С этими словами Зорин рванул вперед, обогнал нашу несчастную подводу и вскочил зачем-то на козлы к Мозельскому, где, судя по всему, стегнул поводьями Гошку и крикнул: «Быстрей пошел!» — на что Гошка обозвал его блядиной лысою и, конечно, вовсе шагу не прибавил. Кузьма молчал; Сашенька похлопал замечательными своими глазами и сказал безо всякой иронии:
— Обещает, значит, при Филиппах встретиться.
— Не такой уж он злой гений, Сашенька, — сказал Кузьма со вздохом. — Да и для привидения слишком много ест.
Сашенька посмотрел на Кузьму серьезно и ответил:
— Как скажете, Кузьма Владимирович. — И я увидел вдруг, что от этих слов Кузьме стало не по себе.

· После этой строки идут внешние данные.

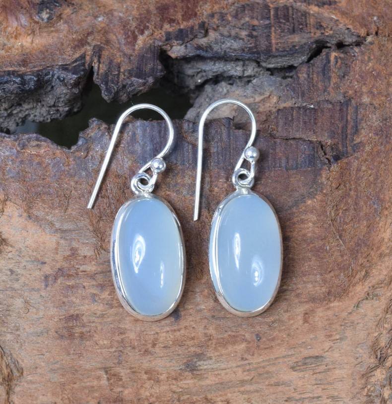 Product Name:Natural Aqua Chalcedony Gemstone Silver Earrings
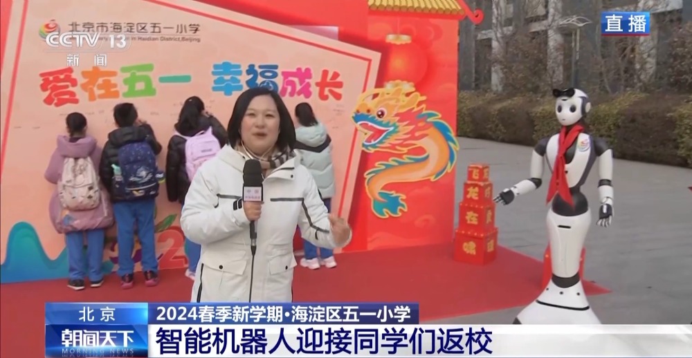今天(2月26日)早上,除了老師們?cè)缭缭谛iT(mén)口迎接孩子們以外,還有一位“新伙伴”,就是智能機(jī)器人,也吸引了很多同學(xué)跟他對(duì)話、合影。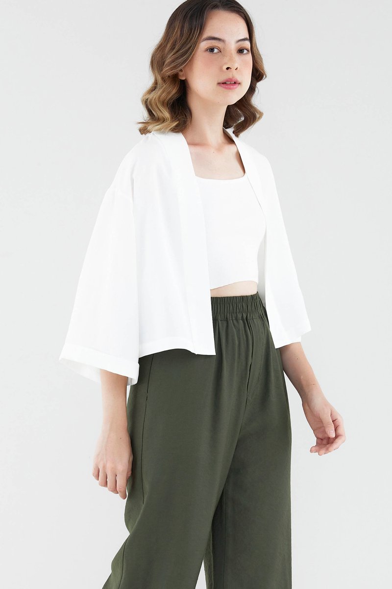 Rotation-ready. Cut from soft and unlined fabric, this oversized layering essential flaunts a timeless kimono silhouette, wide sleeves and a broad lapel panel. Fits relaxed in a cropped length.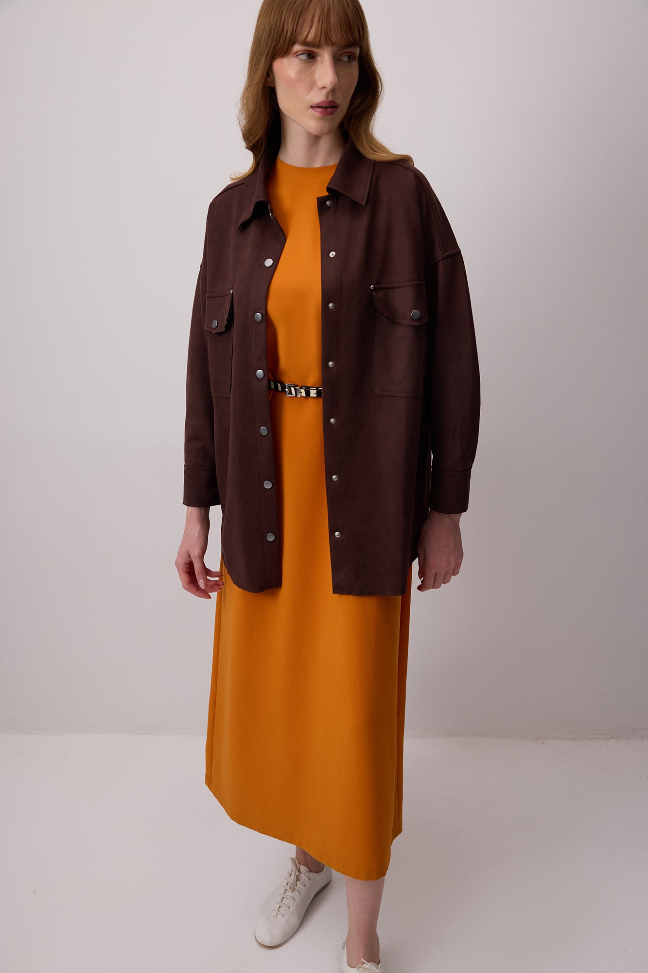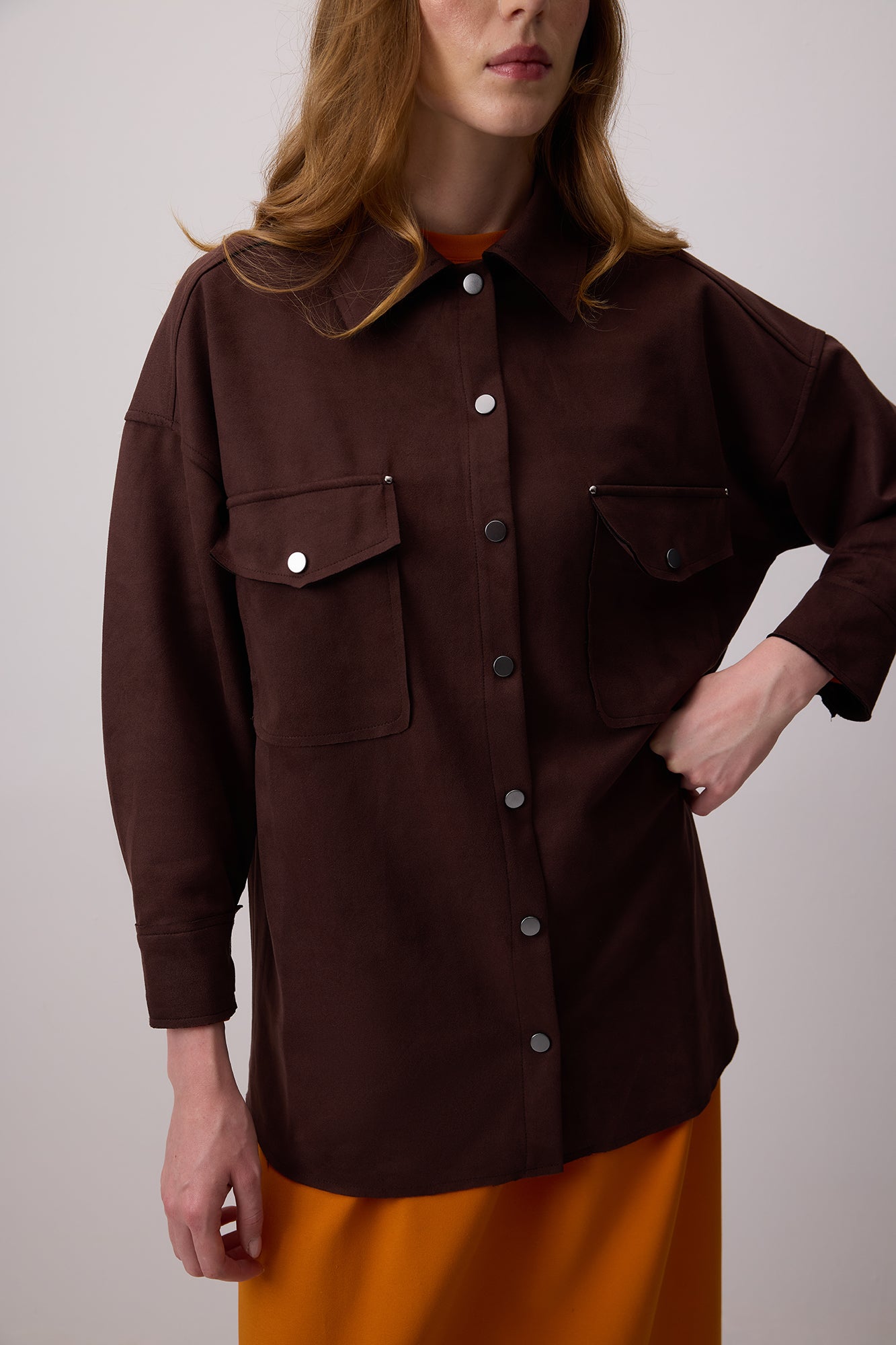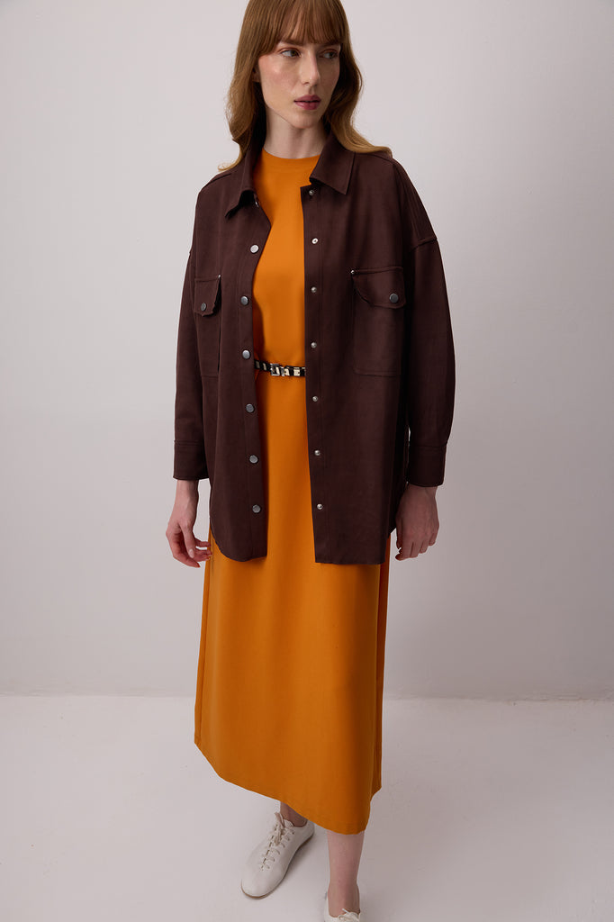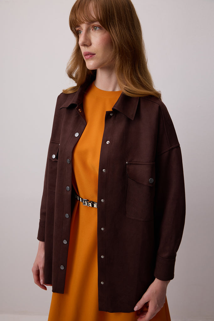 SUEDE SHIRT WITH FRONT POCKETS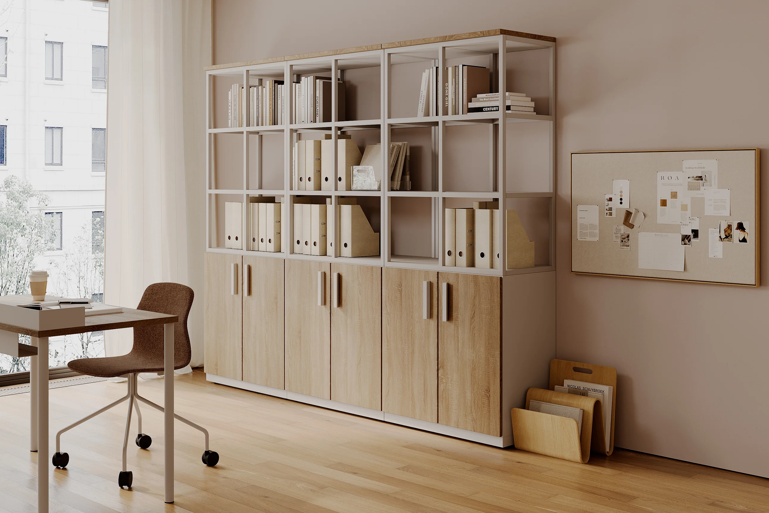 Шкаф архивный большой OASYS ША-80х5-01 RAL 9016, Дуб Бардолино натуральный

Ничего лесного не было у Лесного Городка; я увидел за спинами троих мужчин и одной статной женщины маленькую Марину Романовну и обрадовался ей. Началось пожимание рук. Представил Кузьма всех, включая Сашеньку и Мозельского, а про Квадратова сказал многозначительно, что отец Сергий в представлениях не нуждается, и все, включая Певицыну, подошли под благословение к Квадратову, напустившему на себя вид важный и надменный, и я заметил, что на Квадратова больше, чем на меня, смотрят, и очень развеселился. Сообщили нам расписание наше — действительно, в два часа дня ждал нас, как нам было сказано, «сюрприз от всего города возле замечательного помещения нашего Арсенала», и Певицыну выдали нам в постоянные сопровождающие; она улыбнулась Кузьме заговорщически; главный из мужчин тут же предложил Кузьме с Зориным перейти на «ты» и по имени, и Кузьма немедленно сказал: «Гена, на два слова тебя по делу можно тогда? И тебя, Зорин». Я стоял в стороне, и они под прикрытие бока моего пошли совещаться, и, к удивлению моему, повел их вперед Сашенька, всегда державшийся в тени.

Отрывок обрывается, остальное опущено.